9. Amazing Relationships
I am FLOORED by the relationships from the podcast (and the amazing things I have learned in the process). When you approach podcast interviews as a way to use your platform to share someone else’s message (because it provides value to your audience), everyone wins. Some of my podcast guests have become dear friends and collaborative partners. You never know where the relationship will take you, but I can guarantee when the intention is honest, you’ll be better off for making the connection.
10. Your Own Platform
I mentioned above that you could create great relationships through podcasting. Part of this is because of the platform you’ve built with your podcast. Even when your podcast is new (or your business is new), you still provide a platform to share someone else’s message. Not only is this an opportunity for your guest (if you’re doing interviews), but it also creates a level of trust with your audience. Why? Because it shows that you want to provide value to your audience, regardless of whether or not you are directly providing the value. Think of ‘old school marketers’ who never share anyone else’s content. “Enough about me. What do you think about me?” You know what I’m talking about, right?
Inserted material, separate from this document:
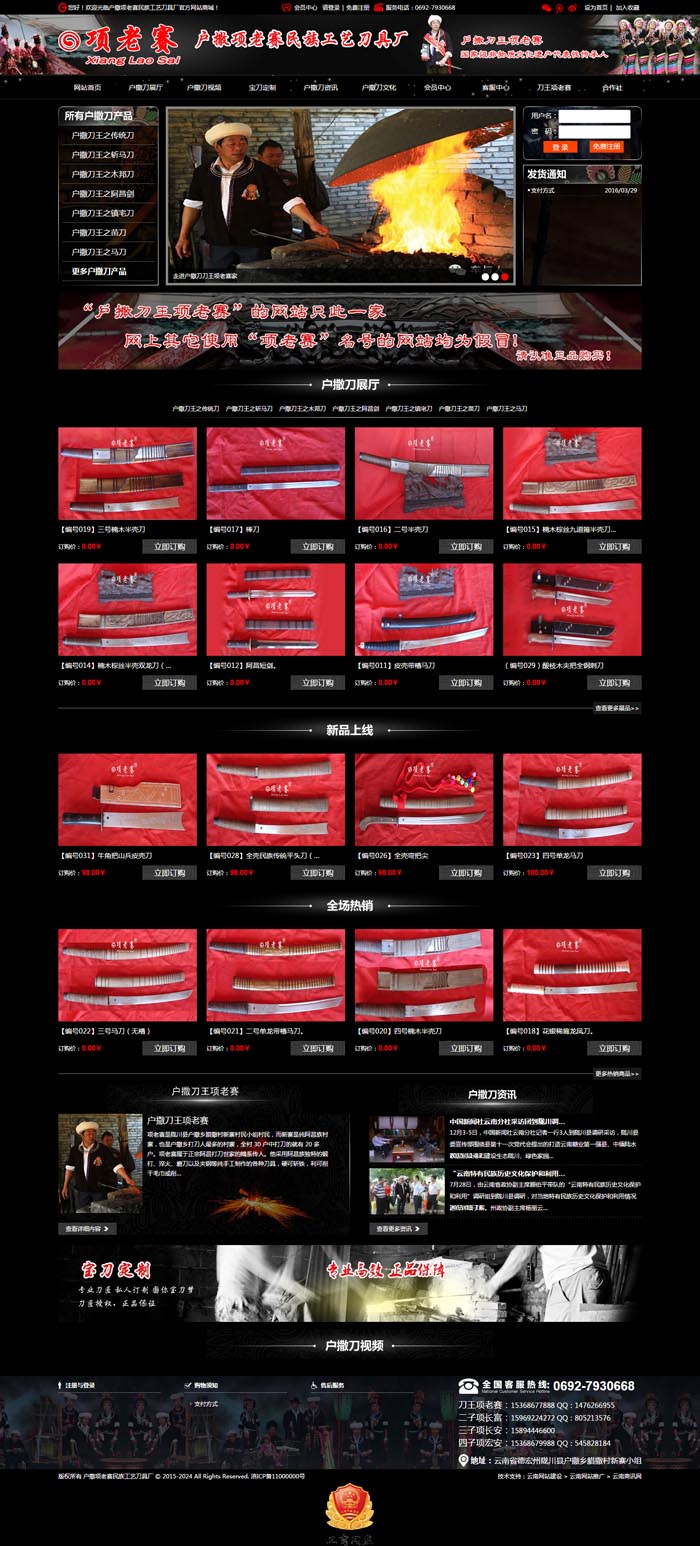 項老賽從小跟著父親學(xué)習(xí)打刀的技藝,他聰慧好學(xué),得到父親的真?zhèn)鳎?14 歲就可以自己獨立操作。在學(xué)習(xí)父親打刀技藝的同時,項老賽不斷鉆研,在刀的外觀、質(zhì)地、圖案、包裝上下苦功夫。通過不斷改進(jìn),印有八卦圖樣 - 項氏刀 - 的各類刀具,由于做工精致、質(zhì)地精良、外形美觀、別具特色,深受人們的喜愛,遠(yuǎn)銷內(nèi)蒙、青海、西藏、四川等地,在緬甸、泰國、印度和日本等國也有一定的市場。如今產(chǎn)品多達(dá) 50 多種 120 余個花色,有鐮刀、水果刀、菜刀、腰刀、斧頭、砍柴刀、剝皮刀、剔骨刀、狩獵刀、屠宰刀等生活工具刀,還有樸刀、馬刀、景頗刀、苗刀、緬刀和藏刀等民族工藝禮品刀;刀把有棕絲把、酸枝木把、印度紅木把、花梨木把、雞翅木把、烏木把、小葉紫檀木把、鹿角把、牛角把、鋼把、銅把和緬銀把等;刀鞘主要有紅豆杉、楠木、烏木、緬銀等半殼或全殼等,種類繁多,工藝獨特。
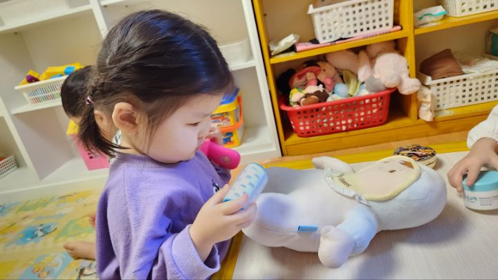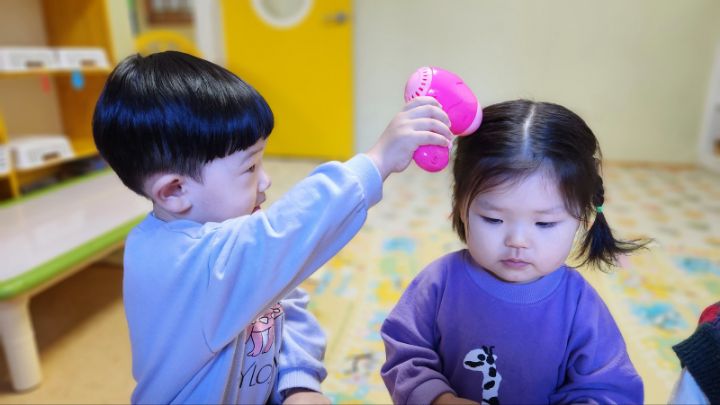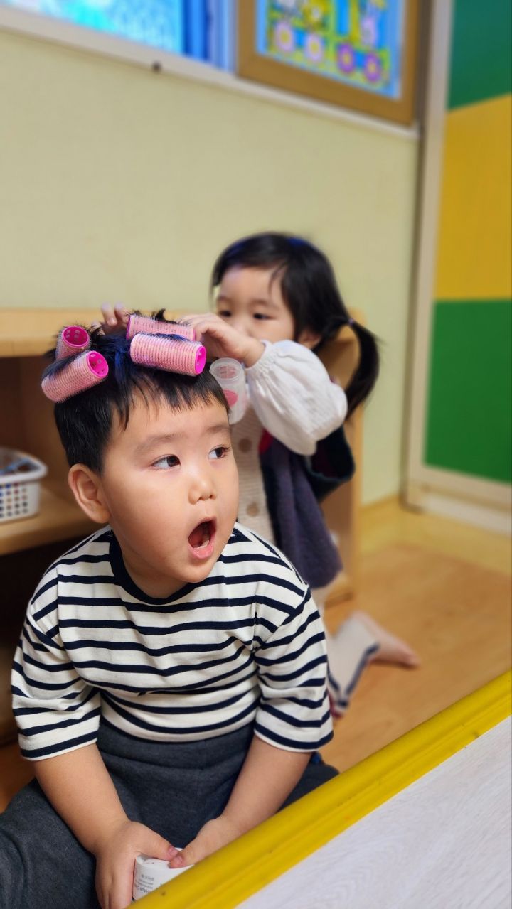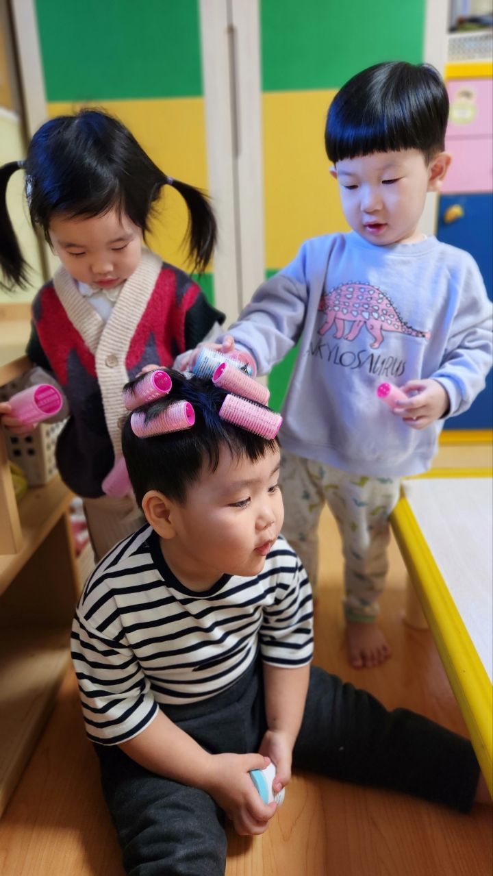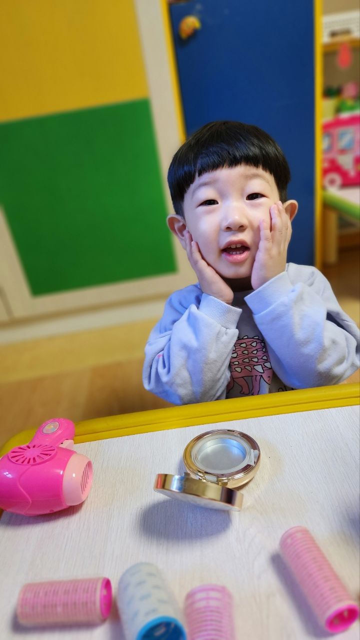 예쁜~엄마 되어볼까요~♡♡ 작성자별뜰지기|작성시간23.02.28|조회수42 목록 댓글 1 글자크기 작게가 글자크기 크게가 다음검색 현재 게시글 추가 기능 열기 북마크 공유하기 신고 센터로 신고 댓글 댓글 1 댓글쓰기 답글쓰기 댓글 리스트 작성자모모와모모 | 작성시간 23.02.28 '짜잔~머리 어때요~??' 우리 친구들과 미용놀이해 보았어요~서로 친구에게 셋팅과 드라이로 파마와 드라이를 해주겠다며 하는데 너무 귀엽더라구요~그런 친구들에게 순서를 정해 해보자고하니 알겠다며 기다려주는 모습을 보이며 손님이됬다 미용사가 됬다 번갈아가며 즐겁게 놀이해보는 우리 친구들이였네요~그리고 엄마처럼 예쁘게 화장놀이도 해보았어요~~ 댓글 전체보기

Here’s the thing with that style of old-school marketing. It doesn’t work anymore. When you market from a place of fear (i.e., afraid to share something someone else is doing), you’re never going to attract the right audience.
11. GREAT Social Proof
When people start sharing your podcast via social media, you’ll be surprised at what they share. People don’t just retweet, like, or share your content. They talk to you. They thank you. Once again, they feel like they KNOW you. I once got a tweet that said, “I think @kimdoyal would be fun to have a pint with!” in relation to my podcast. That’s not something someone would necessarily feel just through reading a post.
At the end of the day, podcasting is content. It’s not a trend or a fad, it’s here to stay (some may think podcasting faded out a few years ago, but it’s simply become more mainstream). With new technology coming out every day (and being added to the dashboards of new cars), the sooner you launch your podcast, the better.